_REQUIRED WORK_:
Of all the lines below, output only those starting at the one with "المتهم وامامه المضبوطات" and ending at the one with "Figure 2. Université", both ends included, exactly as written.

_GIVEN RECORDS_:
* * * * * * * * *

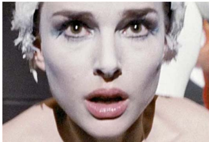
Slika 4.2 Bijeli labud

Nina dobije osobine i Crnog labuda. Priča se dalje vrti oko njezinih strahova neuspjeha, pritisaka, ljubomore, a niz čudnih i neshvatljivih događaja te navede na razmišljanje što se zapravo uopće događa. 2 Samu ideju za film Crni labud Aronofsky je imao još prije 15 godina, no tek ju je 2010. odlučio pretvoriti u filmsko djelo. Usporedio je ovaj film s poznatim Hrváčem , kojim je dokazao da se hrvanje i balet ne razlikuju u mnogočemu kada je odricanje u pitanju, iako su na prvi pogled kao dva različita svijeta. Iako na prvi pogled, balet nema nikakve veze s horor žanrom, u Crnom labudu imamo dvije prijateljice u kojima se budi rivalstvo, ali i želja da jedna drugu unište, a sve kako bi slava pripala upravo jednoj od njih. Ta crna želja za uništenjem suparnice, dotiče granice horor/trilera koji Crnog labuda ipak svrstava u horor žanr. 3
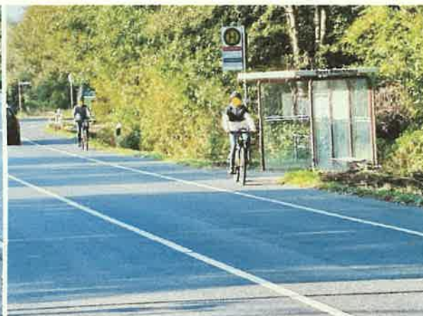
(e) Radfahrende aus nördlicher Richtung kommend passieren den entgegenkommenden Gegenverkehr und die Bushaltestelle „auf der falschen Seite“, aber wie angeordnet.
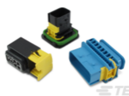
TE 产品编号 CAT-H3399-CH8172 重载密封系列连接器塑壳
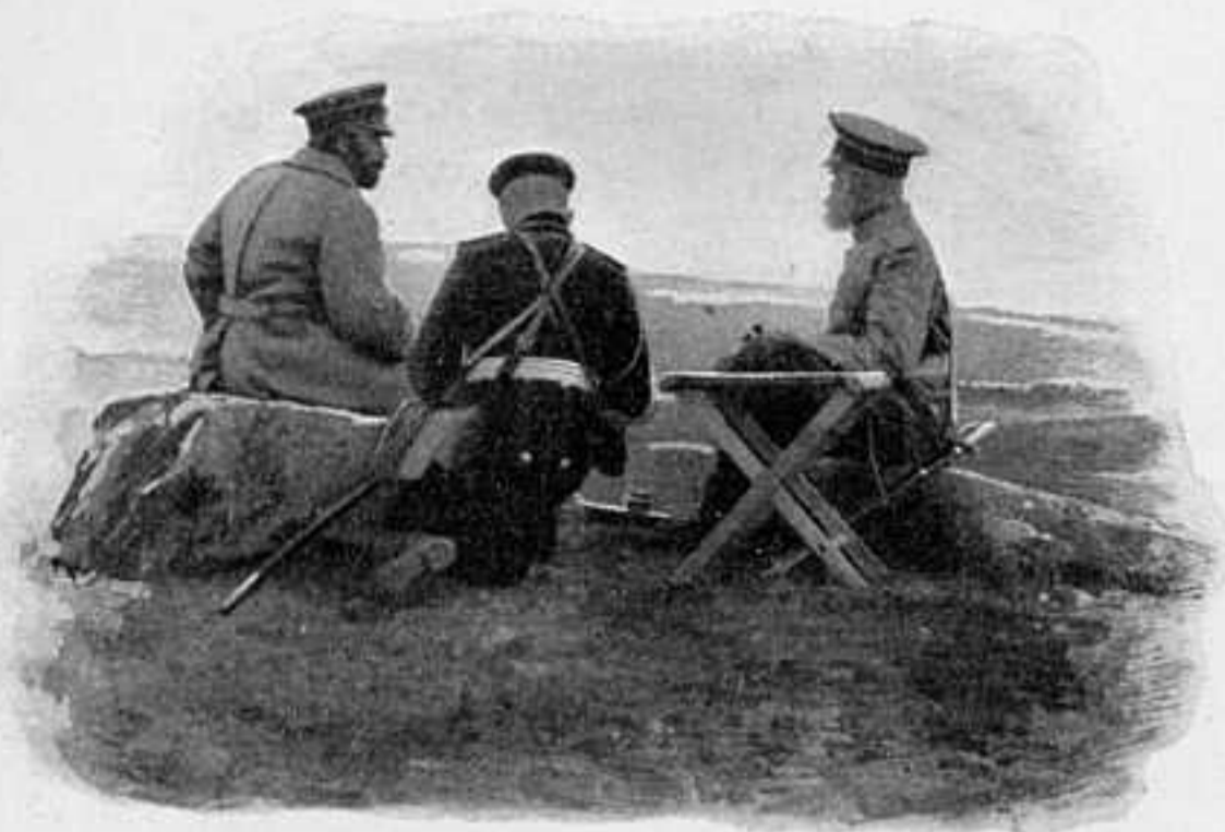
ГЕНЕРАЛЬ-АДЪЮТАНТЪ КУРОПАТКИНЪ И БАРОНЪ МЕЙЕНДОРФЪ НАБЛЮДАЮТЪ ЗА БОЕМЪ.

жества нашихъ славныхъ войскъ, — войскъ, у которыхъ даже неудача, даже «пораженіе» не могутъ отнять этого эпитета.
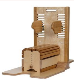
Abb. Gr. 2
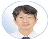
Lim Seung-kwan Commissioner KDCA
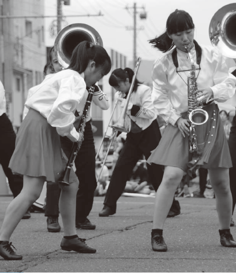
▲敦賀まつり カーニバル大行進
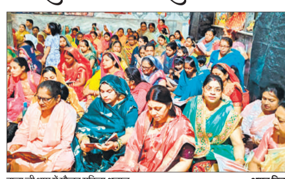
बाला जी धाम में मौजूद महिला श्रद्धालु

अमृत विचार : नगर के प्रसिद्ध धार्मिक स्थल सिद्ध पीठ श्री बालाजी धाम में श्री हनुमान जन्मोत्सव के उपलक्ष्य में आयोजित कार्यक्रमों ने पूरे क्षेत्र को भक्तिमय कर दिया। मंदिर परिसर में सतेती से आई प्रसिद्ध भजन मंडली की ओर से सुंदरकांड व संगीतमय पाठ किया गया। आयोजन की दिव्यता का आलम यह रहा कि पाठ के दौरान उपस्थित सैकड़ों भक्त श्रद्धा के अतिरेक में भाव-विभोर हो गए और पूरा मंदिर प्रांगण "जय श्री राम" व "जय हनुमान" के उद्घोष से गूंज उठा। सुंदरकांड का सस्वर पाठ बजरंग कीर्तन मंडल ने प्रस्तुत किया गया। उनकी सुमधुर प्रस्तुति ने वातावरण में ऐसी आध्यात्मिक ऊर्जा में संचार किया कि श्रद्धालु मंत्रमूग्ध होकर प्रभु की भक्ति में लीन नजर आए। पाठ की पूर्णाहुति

* * * * * * * * *

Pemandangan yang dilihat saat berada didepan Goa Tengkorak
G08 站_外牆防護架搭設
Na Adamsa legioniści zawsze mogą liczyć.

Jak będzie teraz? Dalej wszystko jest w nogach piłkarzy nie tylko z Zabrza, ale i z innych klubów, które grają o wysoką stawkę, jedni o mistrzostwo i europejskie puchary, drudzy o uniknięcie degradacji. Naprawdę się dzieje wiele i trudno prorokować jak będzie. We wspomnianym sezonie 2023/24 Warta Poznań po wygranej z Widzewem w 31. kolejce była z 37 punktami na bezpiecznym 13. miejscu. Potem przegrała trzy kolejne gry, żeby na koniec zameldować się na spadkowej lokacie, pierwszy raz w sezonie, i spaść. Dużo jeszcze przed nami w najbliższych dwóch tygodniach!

* * * * * * * * *

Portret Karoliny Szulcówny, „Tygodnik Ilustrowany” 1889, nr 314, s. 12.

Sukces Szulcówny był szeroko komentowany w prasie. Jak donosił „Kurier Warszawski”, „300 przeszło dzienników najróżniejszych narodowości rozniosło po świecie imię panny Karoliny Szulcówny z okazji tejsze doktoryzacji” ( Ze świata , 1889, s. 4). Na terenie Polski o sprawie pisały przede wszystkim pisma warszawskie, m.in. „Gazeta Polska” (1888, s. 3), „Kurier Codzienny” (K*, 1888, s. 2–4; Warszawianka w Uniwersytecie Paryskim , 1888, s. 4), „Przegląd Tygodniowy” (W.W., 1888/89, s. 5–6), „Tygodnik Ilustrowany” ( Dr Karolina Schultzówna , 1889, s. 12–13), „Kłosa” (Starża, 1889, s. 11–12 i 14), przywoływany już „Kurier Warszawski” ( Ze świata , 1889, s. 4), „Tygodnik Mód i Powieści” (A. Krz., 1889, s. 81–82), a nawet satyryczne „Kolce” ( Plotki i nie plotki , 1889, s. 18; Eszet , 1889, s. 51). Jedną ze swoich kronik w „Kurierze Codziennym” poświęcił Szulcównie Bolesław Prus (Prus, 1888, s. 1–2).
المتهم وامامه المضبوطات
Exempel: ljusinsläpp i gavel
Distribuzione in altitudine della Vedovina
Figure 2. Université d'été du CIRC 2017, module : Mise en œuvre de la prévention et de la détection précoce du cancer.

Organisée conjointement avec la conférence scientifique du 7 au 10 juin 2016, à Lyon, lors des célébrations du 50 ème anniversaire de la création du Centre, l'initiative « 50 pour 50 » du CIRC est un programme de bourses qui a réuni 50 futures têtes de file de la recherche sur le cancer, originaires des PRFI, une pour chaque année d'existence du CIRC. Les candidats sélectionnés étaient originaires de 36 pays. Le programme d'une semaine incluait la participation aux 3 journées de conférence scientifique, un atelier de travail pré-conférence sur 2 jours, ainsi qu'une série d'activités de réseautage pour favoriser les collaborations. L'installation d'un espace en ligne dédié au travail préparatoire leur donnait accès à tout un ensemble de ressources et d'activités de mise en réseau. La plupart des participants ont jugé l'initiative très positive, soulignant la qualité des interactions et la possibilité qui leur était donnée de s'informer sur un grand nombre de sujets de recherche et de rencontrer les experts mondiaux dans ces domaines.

* * * * * * * * *

_RESPONSE BELOW_:
المتهم وامامه المضبوطات
Exempel: ljusinsläpp i gavel
Distribuzione in altitudine della Vedovina
Figure 2. Université d'été du CIRC 2017, module : Mise en œuvre de la prévention et de la détection précoce du cancer.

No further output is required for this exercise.